Current or former smokers have more than double the odds of a cardiac cause (OR=2.22). Smoking accelerates atherosclerosis — the build-up of fatty plaques in the coronary arteries.
High blood pressure is one of the strongest modifiable risk factors (OR=1.82). It damages arterial walls over time, increasing the risk of coronary artery disease and aortic dissection.
Diabetes increases the odds of a cardiac cause by a factor of 1.57 (OR=1.57). Diabetic patients may also experience atypical or "silent" chest pain due to autonomic neuropathy.
A family history of ischaemic heart disease (IHD) increases the odds of a cardiac cause (OR=1.42). This risk is particularly significant if a first-degree relative was affected before the age of 60.
Elevated LDL cholesterol promotes the formation of atherosclerotic plaques in the coronary arteries. Combined with hypertension or smoking, the risk of an acute coronary event increases substantially.
Accurate diagnosis requires a structured, evidence-based approach. The 2021 AHA/ACC Guideline for the Evaluation and Diagnosis of Chest Pain recommends risk stratification followed by targeted investigations.8 The diagnostic pathway typically begins with clinical history and physical examination, then proceeds to objective testing.
An ECG is the first-line investigation for acute chest pain.
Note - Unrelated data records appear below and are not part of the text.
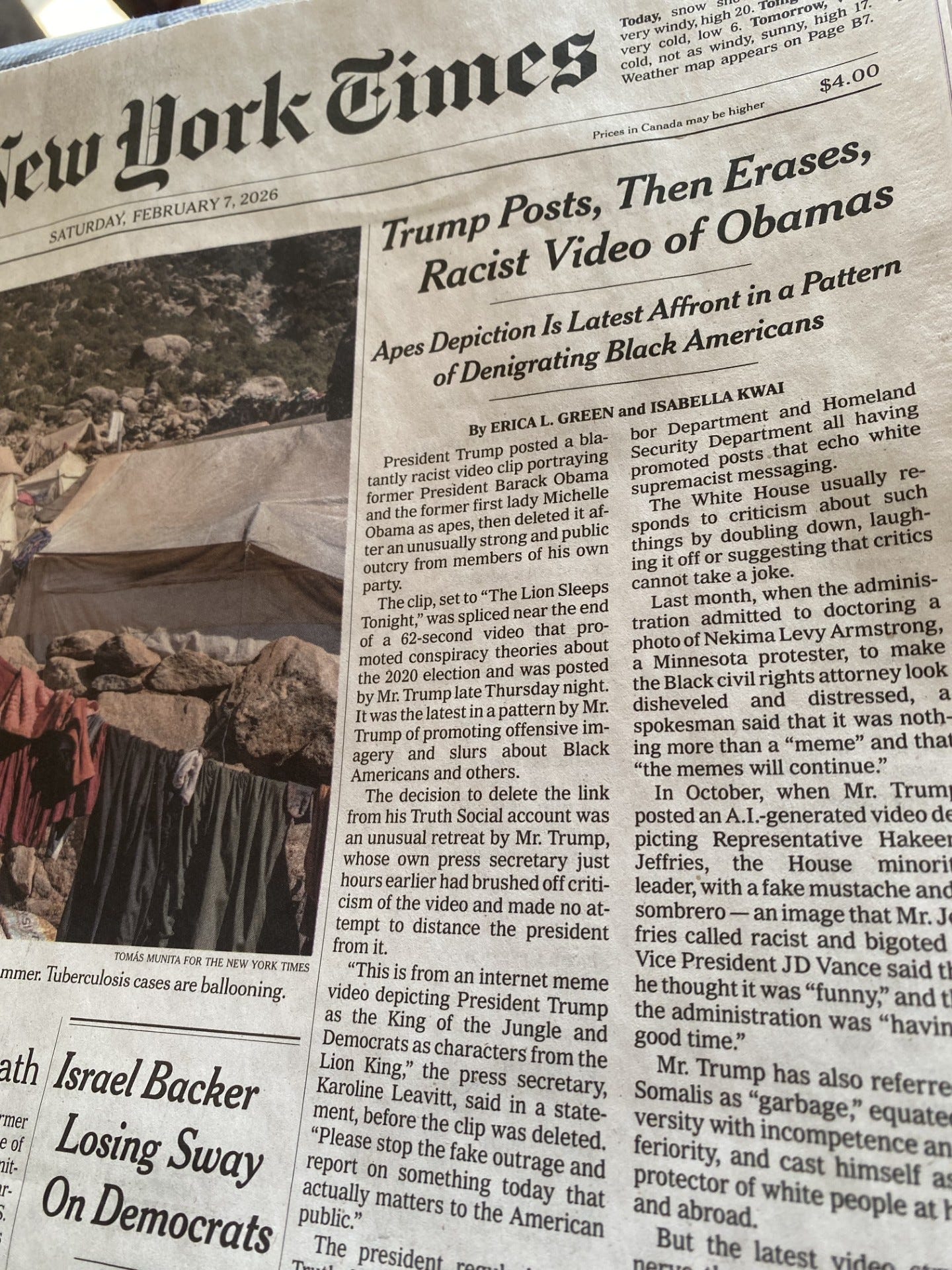 Here was the lede: “President Trump posted a blatantly racist video clip portraying former President Barack Obama and the former first lady Michelle Obama as apes, but he insisted he had nothing to apologize for even after he deleted the video following an outcry.”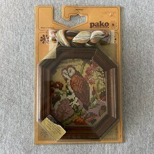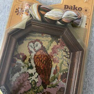 Vintage Pako Owl Mini 5" x 6" Embroidery Kit Wooden Frame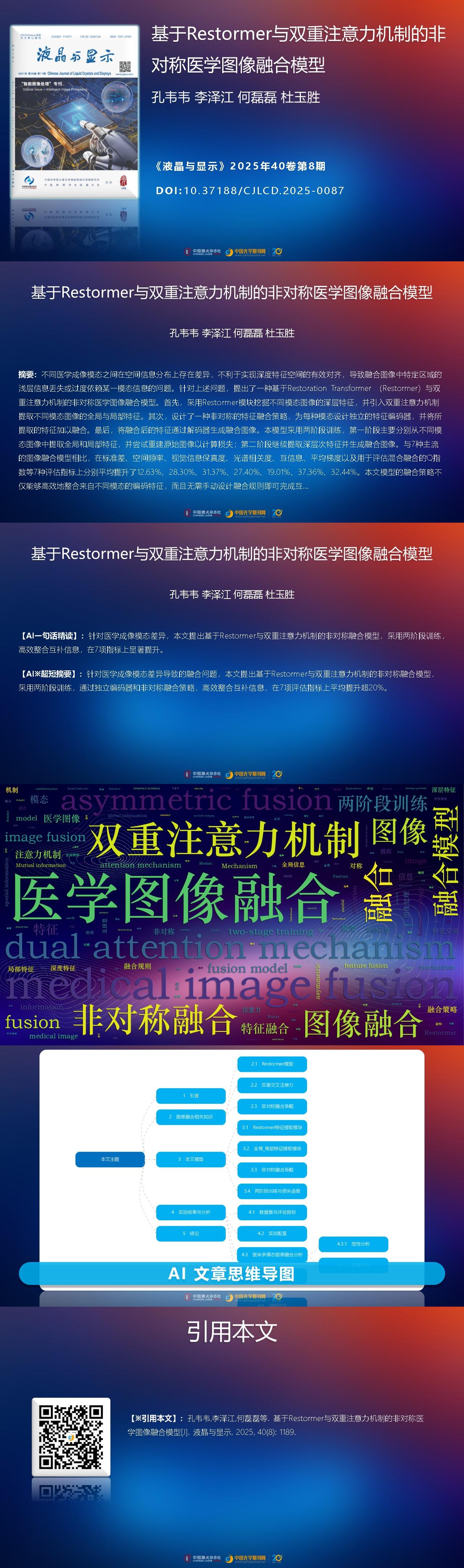 Weiwei KONG, Zejiang LI, Leilei HE, Yusheng DU. Asymmetric medical image fusion model based on Restormer and dual attention mechanism[J]. Chinese Journal of Liquid Crystals and Displays, 2025, 40(8): 1189

It records the heart's electrical activity and can rapidly identify ST-segment changes — a strong predictor of a cardiac origin such as myocardial infarction. However, a normal ECG does not rule out underlying structural heart disease, which is why further imaging is often needed.
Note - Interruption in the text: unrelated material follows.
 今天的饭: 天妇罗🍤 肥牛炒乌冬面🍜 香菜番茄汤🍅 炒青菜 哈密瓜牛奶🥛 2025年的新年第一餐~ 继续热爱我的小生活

Cardiac troponin is a protein released into the bloodstream when the heart muscle is damaged. Elevated troponin levels are a highly sensitive marker for myocardial infarction. Serial troponin measurements (taken 3–6 hours apart) are standard practice in emergency assessment of chest pain.
An echocardiogram is the most informative structural investigation for chest pain. This specialised ultrasound-scan provides real-time images of the heart's chambers, valves, and surrounding structures. Bedside transthoracic echocardiography (TTE) has a sensitivity of 97.4% and a specificity of 90.4% for identifying ischaemic chest pain.6 Point-of-care ultrasound (POCUS) shows near-perfect agreement (0.96) with the final clinical diagnosis in non-ST ACS.9
During an echocardiogram at Sonoworld, the sonographer assesses the following:
| Parameter Assessed | What It Reveals | Relevant Condition |
|---|---|---|
| Regional Wall Motion | Areas of the heart muscle not contracting normally | ACS, previous MI, ischaemia |
| Left Ventricular Function (EF) | How effectively the heart pumps blood with each beat | Heart failure, cardiomyopathy, myocarditis |
| Valve Structure & Function | Stenosis (narrowing) or regurgitation (leaking) of valves | Aortic stenosis, mitral regurgitation, heart murmur |
| Pericardial Effusion | Fluid accumulation in the pericardial sac | Pericarditis, cardiac tamponade |
| Aortic Root Diameter | Dilation or structural abnormality of the aortic root | Aortic aneurysm, Marfan syndrome |
| Right Heart Function | Right ventricular strain or dilation | Pulmonary embolism, pulmonary hypertension |
For patients with stable, exertional chest pain, a stress echocardiogram assesses how the heart responds to physical demand. The EVAREST study — a real-world analysis of stress echocardiography — demonstrated a sensitivity of 95.4% and a specificity of 96.0% for predicting cardiac outcomes.7 This makes it one of the most accurate non-invasive tests for diagnosing coronary artery disease.